What had been said to have been done in India, was said by these

"half-Jews" to have been done in Palestine; the change of names and

places, with the mixing up of various sketches of the Egyptian, Persian,

Phenician, Greek and Roman mythology, was all that was necessary. They

had an abundance of material, and with it they built. The foundation

upon which they built was undoubtedly the "Scriptures," or Diegesis,

of the Essenes in Alexandria in Egypt, which fact led Eusebius, the

ecclesiastical historian--"without whom," says Tillemont, "we should

scarce have had any knowledge of the history of the first ages of

Christianity, or of the authors who wrote in that time"--to say that the

sacred writings used by this sect were none other than "Our Gospels."



We offer below a few of the many proofs showing the Gospels to have

been written a long time after the events narrated are said to have

occurred, and by persons unacquainted with the country of which they

wrote.



"He (Jesus) came unto the sea of Galilee, through the midst of the

coasts of Decapolis," is an assertion made by the Mark narrator (vii.

31), when there were no coasts of Decapolis, nor was the name so much as

known before the reign of the emperor Nero.

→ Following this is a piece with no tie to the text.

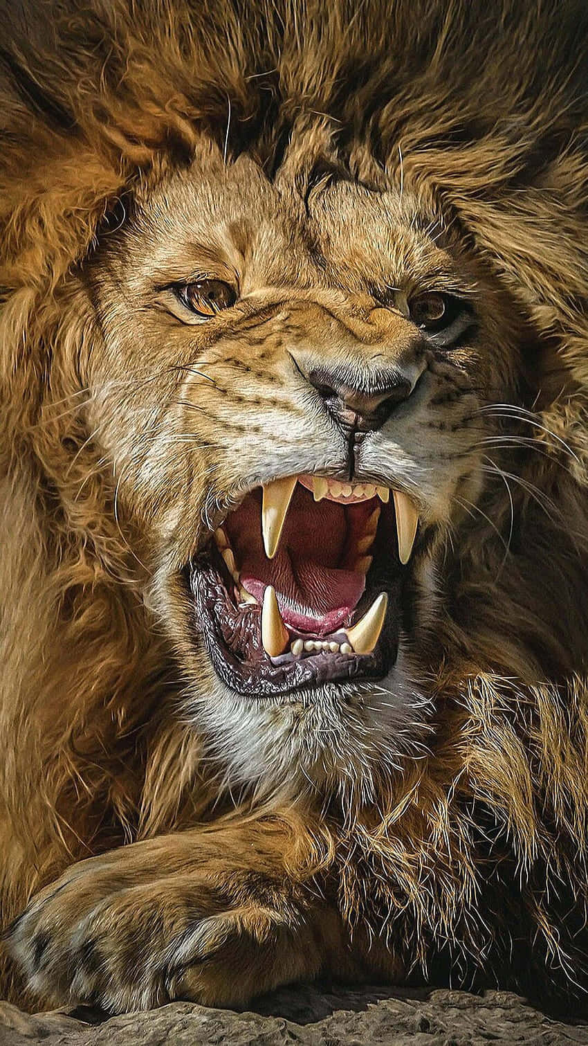 Roaring Lion With Massive Fangs Wallpaper

Again, "He (Jesus) departed from Galilee, and came into the coasts of

Judea, beyond Jordan," is an assertion made by the Matthew narrator

(xix. 1), when the Jordan itself was the eastern boundary of Judea, and

there were no coasts of Judea beyond it.



Again, "But when he (Joseph) heard that Archelaus did reign in Judea, in

the room of his father Herod, he was afraid to go thither,

notwithstanding, being warned of God in a dream, he turned aside into

the parts of Galilee, and he came and dwelt in a city called Nazareth;

that it might be fulfilled, which was spoken by the prophets, he shall

be called a Nazarene," is another assertion made by the Matthew narrator

(ii. 22, 23), when--1. It was a son of Herod who reigned in Galilee as

well as Judea, so that he could not be more secure in one province than

in the other; and when--2. It was impossible for him to have gone from

Egypt to Nazareth, without traveling through the whole extent of

Archelaus's kingdom, or making a peregrination through the deserts on

the north and east of the Lake Asphaltites, and the country of Moab; and

then, either crossing the Jordan into Samaria or the Lake of Gennesareth

into Galilee, and from thence going to the city of Nazareth, which is no

better geography, than if one should describe a person as turning

aside from Cheapside into the parts of Yorkshire; and when--3. There

were no prophets whatever who had prophesied that Jesus "should be

called a Nazarene."



The Matthew narrator (iv. 13) states that "He departed into Galilee, and

leaving Nazareth, came and dwelt in Capernaum," as if he imagined that

the city of Nazareth was not as properly in Galilee as Capernaum was;

which is much such geographical accuracy, as if one should relate the

travels of a hero, who departed into Middlesex, and leaving London, came

and dwelt in Lombard street.[461:1]



There are many other falsehoods in gospel geography beside these,

which, it is needless to mention, plainly show that the writers were not

the persons they are generally supposed to be.



Of gospel statistics there are many falsehoods; among them may be

mentioned the following:



"Annas and Caiaphas being the high priests, the word of God came unto

John the son of Zacharias in the wilderness," is an assertion made by

the Luke narrator (Luke iii. 2); when all Jews, or persons living among

them, must have known that there never was but one high priest at a

time, as with ourselves there is but one mayor of a city.



Again we read (John vii. 52), "Search (the Scriptures) and look, for out

of Galilee ariseth no prophet," when the most distinguished of the

Jewish prophets--Nahum and Jonah--were both Galileans.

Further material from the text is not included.